Nie jesteś zalogowany na forum.
Strony: 1
IMIĘ I NAZWISKO: Virgil Havostien
WIEK: ur. 1686 r., zm. 1745 r. [59 lat]
PŁEĆ: mężczyzna
GATUNEK/RASA: człowiek
JĘZYK: medevarski, tydrodzki
POCHODZENIE: Półwysep Baenuru
MOCE:
— brak.
UMIEJĘTNOŚCI:
— wiedza różnoraka o fizyce i chemii;
— bestiologia Baenuru;
— jazda wierzchem (na koniu i smoku);
— alchemia;
— zielarstwo;
— magia w pojęciu ogólnym; znał trochę czarów ofensywnych, jednak większość skupiała się wokół praktycznych zastosowań oraz ochrony czy pomocy.
WYGLĄD
Mężczyzna z serii tych raczej wyższych. Rysy miał poważne i dostojne, dobrze pasujące do ciemnych krótkich włosów oraz brody przystrzyżonej w szpic, która dodawała jego osobie mistycznego charakteru. Jego oczy lśniły ładnym, błękitnym odcieniem, przenikliwie analizując świat dookoła. Choć był intelektualistą, to nie prowadził siedzącego trybu życia. Dobra kondycja przydawała się zarówno w badaniach terenowych, jak i później w czasie wojny. Charakterystycznym elementem ubioru Virgila, który zazwyczaj był schludny i funkcjonalny, pozostawały zdobione metalowymi elementami rękawiczki oraz buty do kompletu, a także srebrny naszyjnik w kształcie pożerającego się węża, który odziedziczył po swoim własnym mistrzu.
WYSOKOŚĆ: 181 cm
CHARAKTER
Virgil zawsze był osobą cokolwiek nietuzinkową. Bardzo lubił wyłamywać się ze schematów, co było niezwykle pomocne w jego pracy naukowej.

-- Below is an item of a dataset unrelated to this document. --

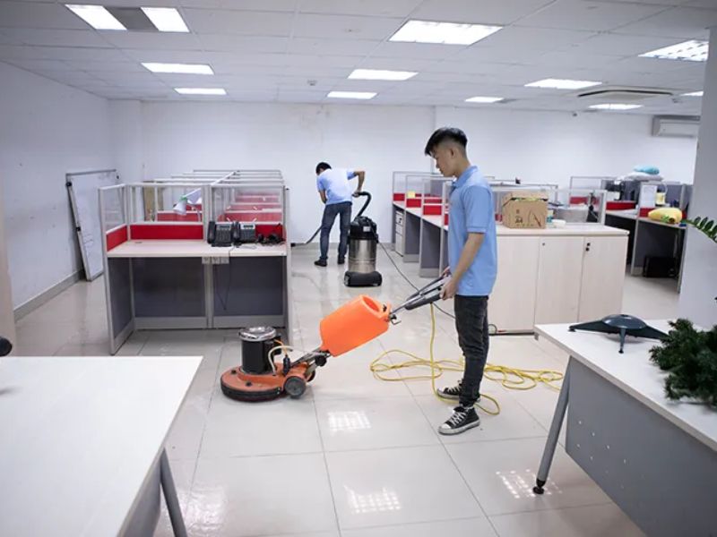 Tổng vệ sinh cho sàn nhà, phủ bóng bằng hoá chất.

Dla tego człowieka nie istniało pojęcie niemożliwości, były tylko cele mniej i bardziej trudne do osiągnięcia. Jego praca i kolejne odkrycia tylko utwierdzały go w tym przekonaniu. Osobiście należał do ludzi raczej skrytych, choć na pierwszy rzut oka wcale nie robił takiego wrażenia. Havostien posiadał specyficzną umiejętność rozdzielania relacji i tematów. Potrafił być całkiem wylewny i energiczny w sprawach dotyczących jego pracy, badań czy też kwestiach publicznych, do których też chętnie dorzucał swoje grosze. Wprawny obserwator zauważyłby natomiast, że nigdy nie mówił o sobie za wyjątkiem wyrażania opinii. Żadnych anegdotek, konkretnych doświadczeń, a już na pewno żadnych uczuć. Bardzo cenił sobie prywatność i mały był krąg osób, które mogły do niej zajrzeć, poznać jego skrzętnie ukrywane przed publicznością przywary i złe nawyki. Podobno miał ich całkiem sporo, lecz udawało mu się równoważyć je dzięki dużej dozie samozaparcia i opanowania. Bardzo rzadko wpadał w gniew, zwłaszcza przy obcych osobach. Zdarzało się to tylko w sprawach wyższej wagi, tyczących się czyjegoś życia lub bezpieczeństwa ogółu. Virgil znany był ze swej lojalności względem korony i niejednokrotnie w swoich wypowiedziach obierał oficjalne stanowisko Medevaru, prawdopodobnie niezależnie od tego, ile faktycznie wiedział.
HISTORIA
Virgil urodził się poza Baenuru, w rodzinie zamożnego kupca, który wraz z ludem króla Serrila wyruszył na podbój nowej ziemi. Przyszły czarodziej miał wtedy trzynaście lat i już wtedy uczył się magii od swego sędziwego mistrza Tytusa Jaogela. To dzięki niemu też niejako uczestniczył w tworzeniu Medevarskiej Gildii Magów i został jednym z jej pierwszych uczniów.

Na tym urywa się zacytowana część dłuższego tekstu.